1 (a) R.C. 2506.01 provides: "Every final order, adjudication, or decision of any officer, tribunal, authority, board, bureau, commission, department, or other division of any political subdivision of the state may be reviewed by the court of common pleas of the county in which the principal office of the political subdivision is located as provided in Chapter 2505. of the Revised Code, except as modified by this chapter.

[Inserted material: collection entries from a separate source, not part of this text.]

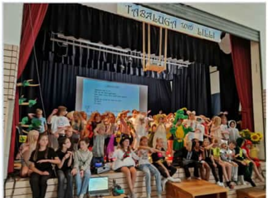
Text: A. Ludwig und M. Seubert

Sie erzählt von Tabaluga, dem Drachenkind, das das „wahre Feuer“ finden muss, um die Welt vor dem ewigen Eis des bösen Schneemanns Arktos zu beschützen. Der erschafft Lilli, ein schönes Mädchen, ganz aus Eis, um Tabaluga abzulenken. Mit wunderschönen Kostümen, tollen Tanzeinlagen und gelungenen Liedinterpretationen faszinierten die Chorkinder ihre Zuschauer. Groß und Klein fieberte aufgeregt einem glücklichen Ende der Handlung entgegen. Als Lohn für all die Anstrengungen gab es jede Menge Applaus.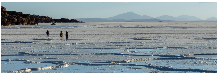
Vacanza al Salar di Uyuni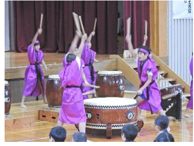
令和元年度 さくらっ子発表会（学習発表会）の様子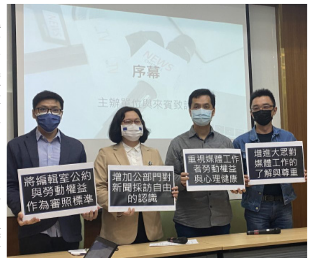
台灣新聞記者協會與台灣媒體觀察教育基金會4月21日發布媒體工作者受害報告。

(b) "The appeal provided in this chapter is in addition to any other remedy of appeal provided by law.

(c) "A `final order, adjudication, or decision' means an order, adjudication, or decision that determines rights, duties, privileges, benefits, or legal relationships of a person, but does not include any order, adjudication, or decision from which an appeal is granted by rule, ordinance, or statute to a higher administrative authority if a right to a hearing on such appeal is provided, or any order, adjudication, or decision that is issued preliminary to or as a result of a criminal proceeding."